Quantifying and Justifying Frontline Pay Raises
My June 25 column, “Pay Disparity Violates Credit Union Philosophy,” accomplished exactly what I had hoped. It started a dialogue about employee wages.
For the most part, feedback was positive. Almost all the emails and calls I received started like this: “For the most part, I agree with you, but …”
The most frequent comment was that increasing the minimum wage is unlikely to solve the larger wage disparity problem. And there is merit to that argument. As one technology manager pointed out, it's simple economics. Raising wages without raising prices creates unemployment, which exacerbates the problem.
But are we really putting tellers and call center reps in the same category as fast food workers? If your credit union cross-selling skills are on par with the stereotypical drive-thru lane “you want fries with that” pitch, it might explain why you didn't make your growth numbers last year.
I actually received a few McDonald's analogies. One reader pointed out that talent is a huge shortcoming in many credit unions, especially when it comes to frontline employees. Those jobs are kind of like working at Mickey D's, but without the greasy smell.
“Working the drive-up window is not a career,” he said. “The economics of the situation just don't allow for much of a career wage for most.”
That's too bad, because credit unions (and banks and insurance carriers and many other financial services providers) expect frontline employees to deliver products and services while complying with increasingly complex regulations, and do so while achieving sales goals.

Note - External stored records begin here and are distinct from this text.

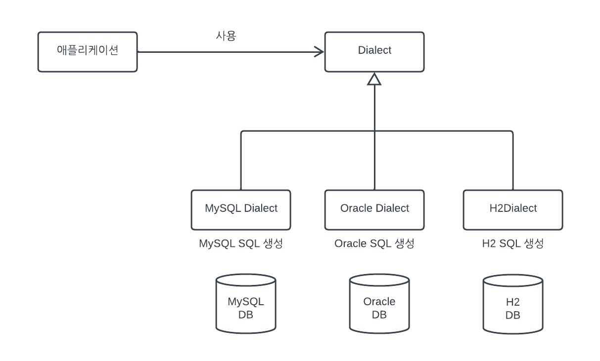 그림 1.10 벤더 독립성 JPA는 위 그림 처럼 애플리케이션과 데이터베이스 사이에 추상화된 데이터 접근 계층을 제공해서 애플리케이션 특정 데이터베이스 기술에 종속되지 않도록 한다.
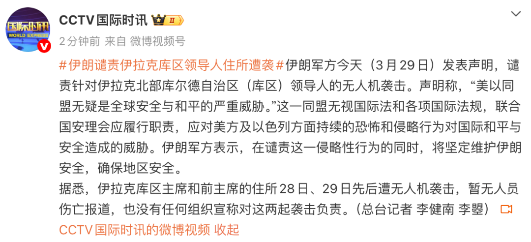 伊朗军方今天(3月29日)发表声明,谴责针对伊拉克北部库尔德自治区(库区)领导人的无人机袭击。声明称,“美以同盟无疑是全球安全与和平的严重威胁。”这一同盟无视国际法和各项国际法规,联合国安理会应履行职责,应对美方及以色列方面持续的恐怖和侵略行为对国际和平与安全造成的威胁。伊朗军方表示,在谴责这一侵略性行为的同时,将坚定维护伊朗安全,确保地区安全。
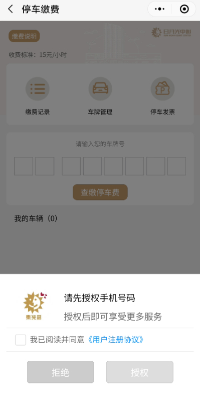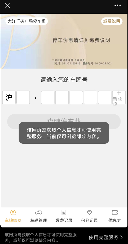 在“大洋千树广场”的停车场扫码后,弹出的页面无法直接输入车牌号,消费者需要提供微信昵称和头像后才可以缴费。
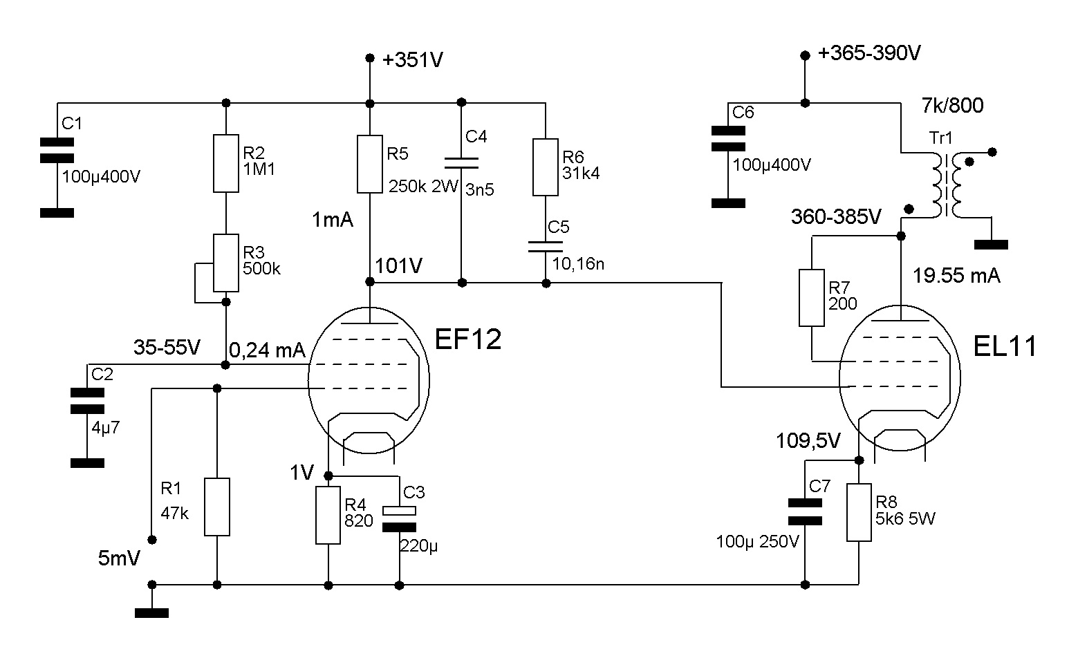 Нынче 351V! А резистор анода R5 250 кОм вместе с анодным напряжением ( 250/351 V) участвует в расчете RIIA, если я правильно смотрел теорию расчета.
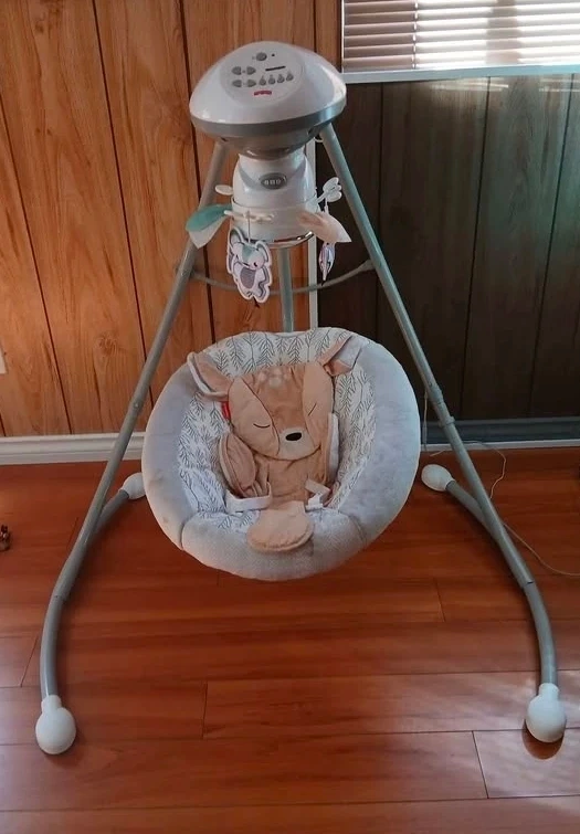 Selling a Fisher-Price baby swing in great condition! The swing features a cute deer design and is perfect for soothing your little one. It has a variety of settings to help your baby relax and drift off to sleep. The swing is clean and ready for its next home. Selling for only $50.00
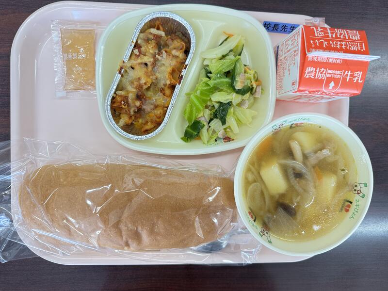 今日は、牛乳、コッペパン、梨ジャム、ネギぴょんグラタン、野菜とハムのサラダ、オニオンスープが出ました。
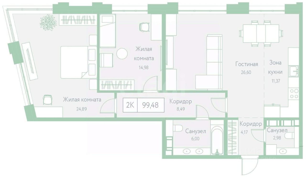 Квартира находится на этапе строительства — отличный шанс войти в проект на выгодных условиях. Площадь 99,48 м², две большие изолированные комнаты и просторная кухнягостиная создают гибкие возможности для планировки и удобного обустройства. Завершение строительства запланировано на 3 кв. 2026 — время подготовить интерьер и спланировать переезд заранее.
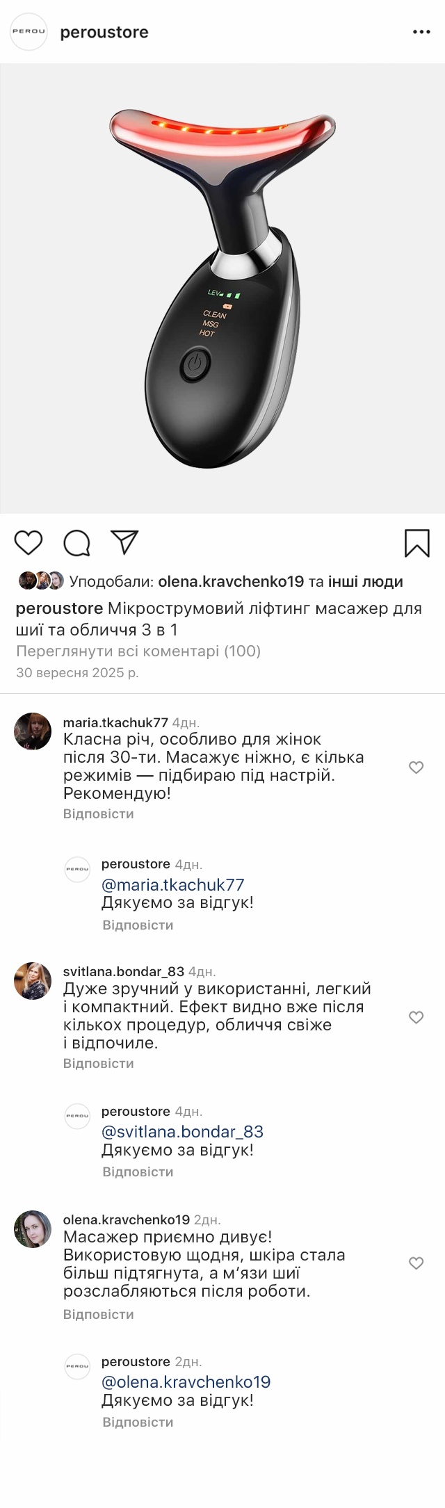 Цей пристрій поєднує мікрострумовий ліфтинг, термічну терапію та вібраційний масаж, забезпечуючи комплексний догляд за шкірою обличчя та шиї. Він активує м’язи, стимулює синтез колагену, зменшує прояв дрібних зморшок і допомагає відновити чіткість овалу обличчя. При регулярному застосуванні масажера підвищується пружність і тонус шкіри, а також покращується засвоєння косметичних засобів.
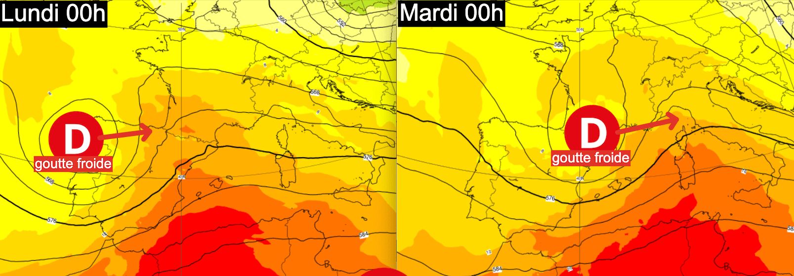 Ces orages sont liés à l’arrivée d’une goutte froide d’altitude qui va peu à peu se diriger vers le Sud-ouest de la France. Cette goutte froide (dépression en altitude, mais aussi au sol) va donc provoquer une importante dégradation orageuse qui concernera toutes les régions situées au sud d’une ligne La Rochelle, Bourges, Troyes, Strasbourg entre lundi matin et mercredi matin.
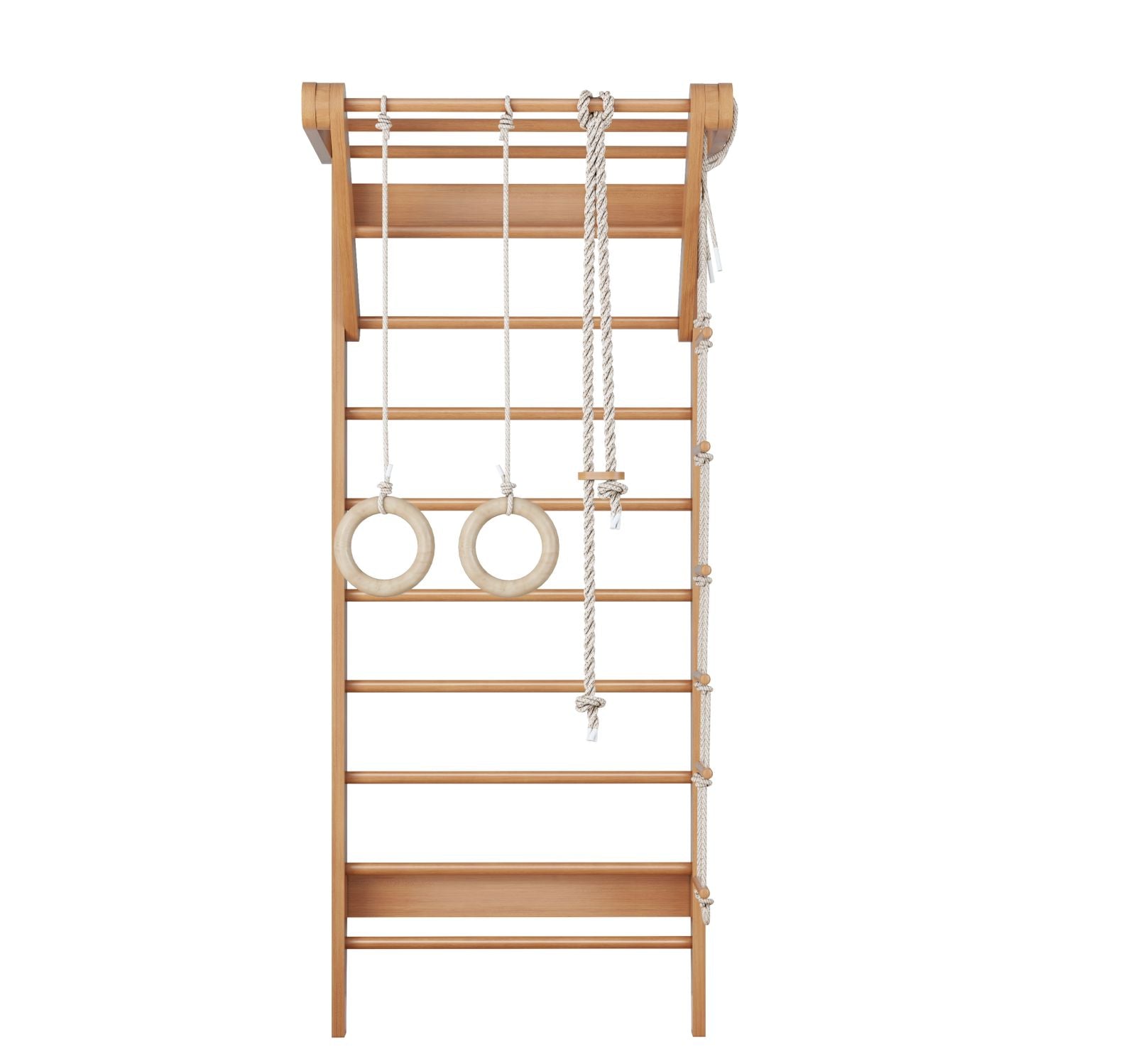 Inlcudes 1 solid high grade beech plywood & beech wood ladder gym, 3 additional accessories: gymnastic rings, rope ladder, monkey rope.
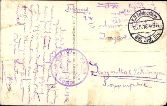 Zustand, siehe Scan, gelaufen, 1916 - ca 14 cm X 9 cm

Now, as a few commenters pointed out, $13 an hour isn't bad scratch for a part-time employee or someone working a second job. Yes, plenty of frontline employees are part-timers, often college students who are living at home or receiving additional income from financial aid. But aren't they worth more than their fellow students who shuffle off to less demanding jobs that don't even require business casual dress or a background check?
The outlook for frontline employees working full-time and attempting to support families on $13 an hour is a much graver concern. And it was with these folks that almost everyone sympathized.
I was so pleased to hear about the programs some credit unions provide to employees to help them improve their own financial situations while helping members do the same. Tuition reimbursement plans are popular; I recall some co-workers finishing bachelor's degrees and earning MBAs thanks to such a benefit.
As one reader pointed out, a couple of basis points, waived fees and shared organizational expertise subtract little from the bottom line and reap larger dividends in the long term.
There is another thing credit unions can do.
Just increase the ding dang wages.
But only if your call center employees produce enough revenue to justify it.
At $13 an hour with another 20% added on for benefits, payroll taxes and other expenses, the average call center rep costs about $32,500 annually. Add on another 20% to maintain an 80% efficiency ratio, and you’re looking at $40,600.
Now, let's assume this call center employee is trained to cross sell auto loans, take applications over the phone and give some basic loan approvals. Maybe the employee even does some loan processing.
Let's assume the average auto loan earns a spread of 1.25%, which includes cost of funds, loan loss reserves and other variable underwriting expenses.
At a 1.25% spread, the call center rep would need to book $3.25 million in new average outstanding loan balances annually to break even on his or her employment expenses. That breaks down to about $25,000 per day.
I don't know how busy your call center is, but $25,000 per day might be a stretch, especially at credit unions with low loan demand.
Double that call center wage to $26 an hour, where an employee could start qualifying for products like a mortgage loan, and you’re looking at a daily goal of $50,000.
If your call center reps book $50,000 in new loans every day for just $13 an hour, it's time to give them a raise.
If they book less than $25,000 a day, you should probably consider restructuring your operations. Forget about the call center; you might soon find yourself in the unemployment line.